### Input data
····················
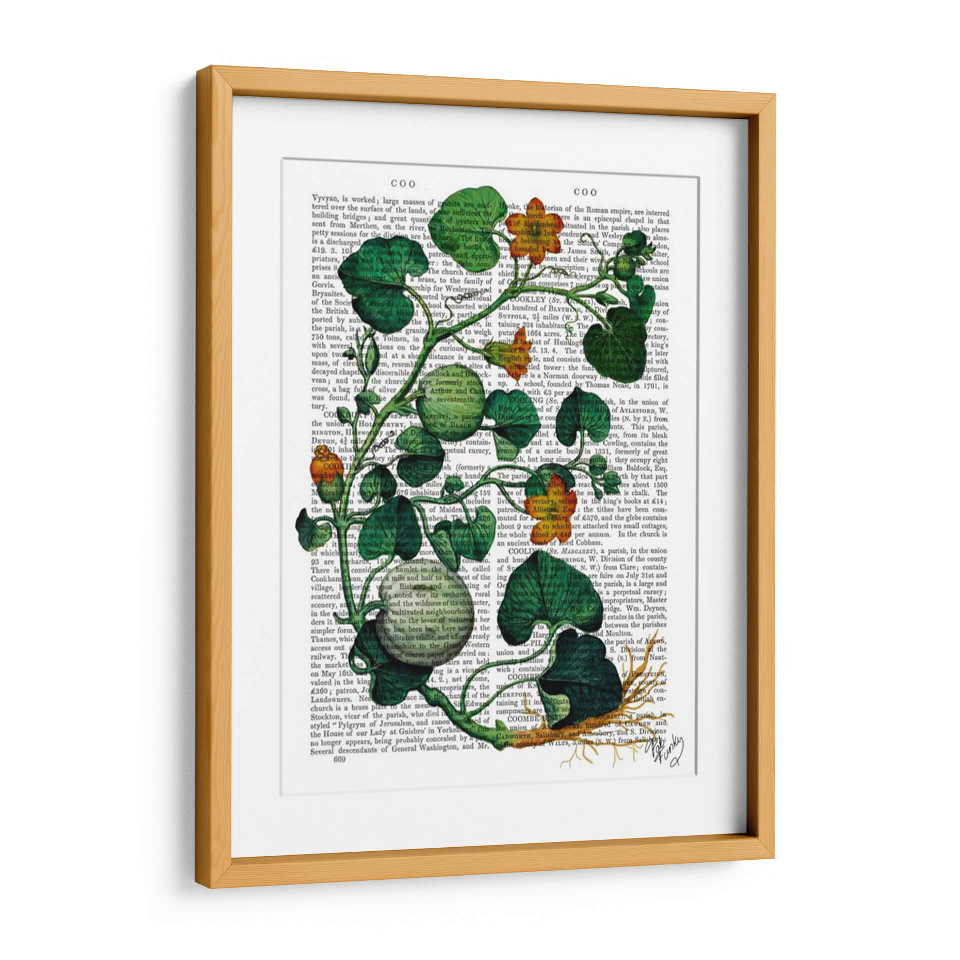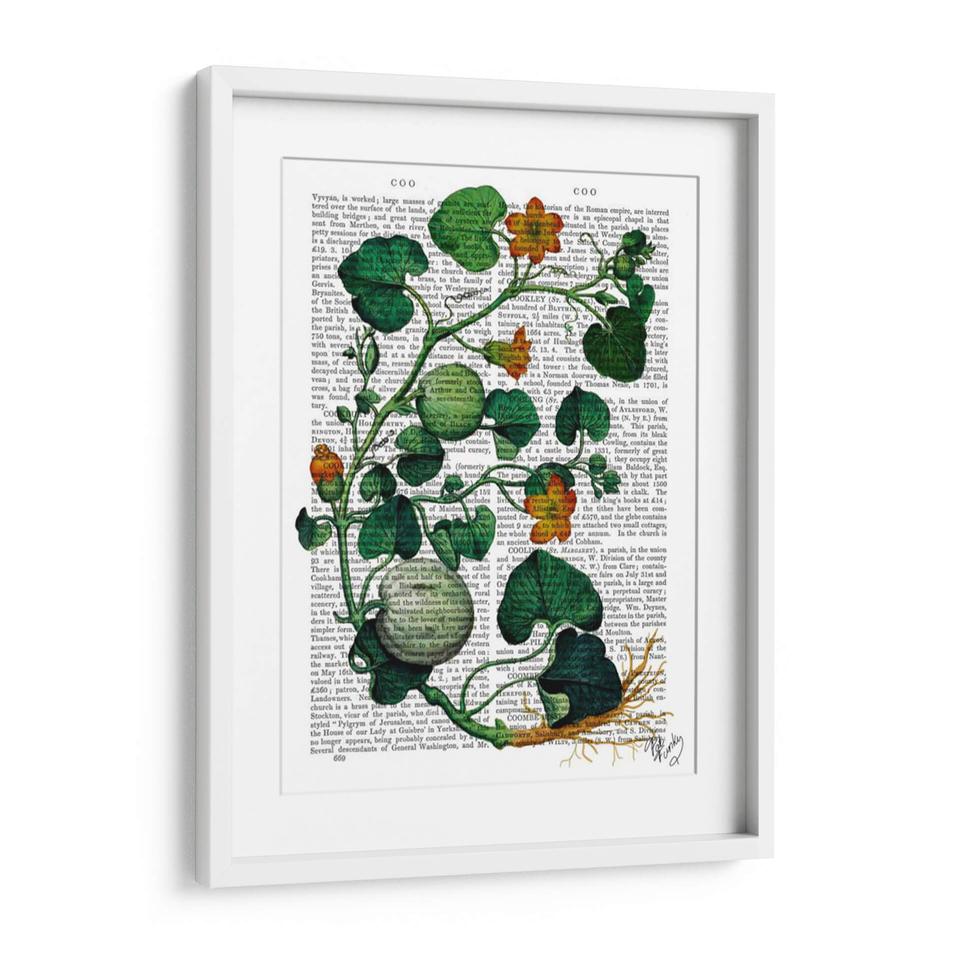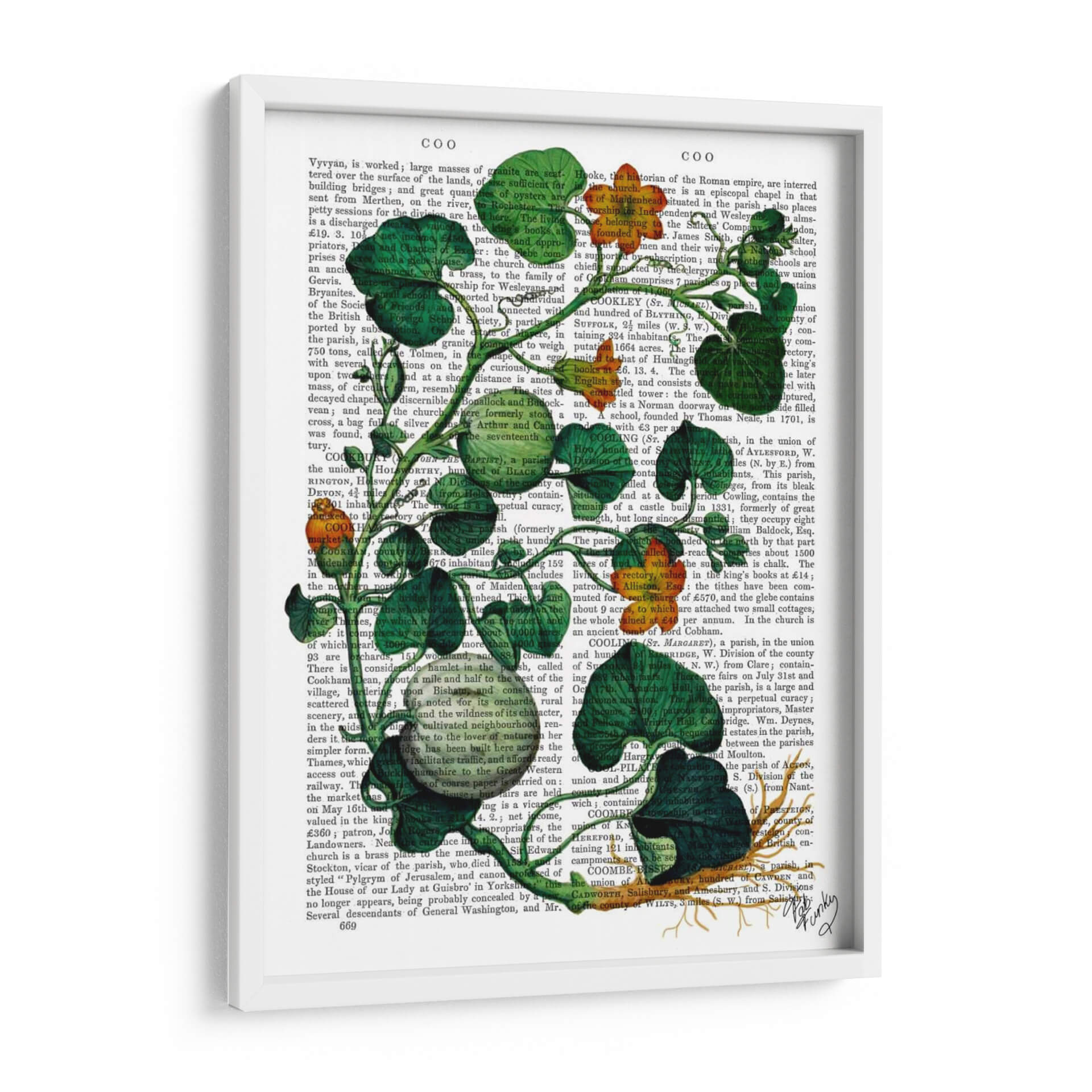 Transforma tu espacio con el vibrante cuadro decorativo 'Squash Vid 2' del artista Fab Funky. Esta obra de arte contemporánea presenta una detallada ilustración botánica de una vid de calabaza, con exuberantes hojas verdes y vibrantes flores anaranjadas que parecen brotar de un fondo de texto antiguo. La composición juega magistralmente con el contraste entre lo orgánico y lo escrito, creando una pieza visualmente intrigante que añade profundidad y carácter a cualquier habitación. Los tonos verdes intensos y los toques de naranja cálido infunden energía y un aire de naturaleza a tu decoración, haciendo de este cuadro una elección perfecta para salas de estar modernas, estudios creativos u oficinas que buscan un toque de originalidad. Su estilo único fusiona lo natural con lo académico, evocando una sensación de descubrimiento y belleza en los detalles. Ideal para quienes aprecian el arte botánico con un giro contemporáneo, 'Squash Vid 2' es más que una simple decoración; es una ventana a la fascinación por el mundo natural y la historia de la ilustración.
····················
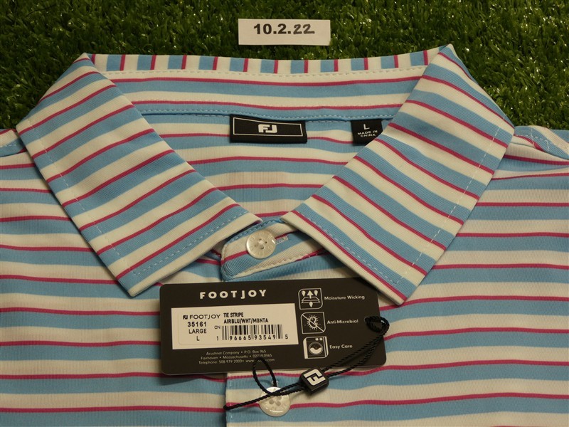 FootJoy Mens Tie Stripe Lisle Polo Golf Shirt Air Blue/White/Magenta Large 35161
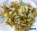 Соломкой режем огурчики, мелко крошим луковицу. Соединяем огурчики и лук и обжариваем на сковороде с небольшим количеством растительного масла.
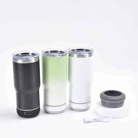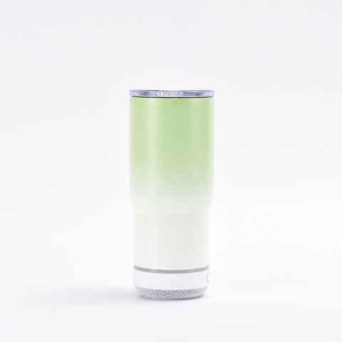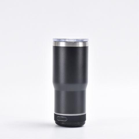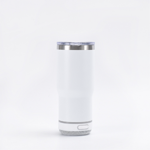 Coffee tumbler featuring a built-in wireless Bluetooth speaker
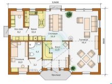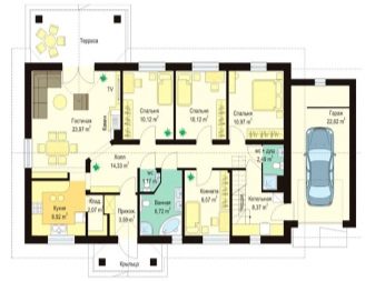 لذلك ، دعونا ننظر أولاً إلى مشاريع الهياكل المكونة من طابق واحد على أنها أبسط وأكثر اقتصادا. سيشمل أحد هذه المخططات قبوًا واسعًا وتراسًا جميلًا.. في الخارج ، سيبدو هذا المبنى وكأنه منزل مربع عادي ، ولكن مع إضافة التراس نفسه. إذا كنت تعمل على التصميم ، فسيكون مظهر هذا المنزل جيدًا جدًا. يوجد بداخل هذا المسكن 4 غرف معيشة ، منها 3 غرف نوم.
····················
### Exercise objective
Give back the exact lines above, running from the one that has "FootJoy Mens Tie" through the one that has "Coffee tumbler featuring", with nothing added and no pictures.

### Response to the exercise
 FootJoy Mens Tie Stripe Lisle Polo Golf Shirt Air Blue/White/Magenta Large 35161
 Соломкой режем огурчики, мелко крошим луковицу. Соединяем огурчики и лук и обжариваем на сковороде с небольшим количеством растительного масла.
 Coffee tumbler featuring a built-in wireless Bluetooth speaker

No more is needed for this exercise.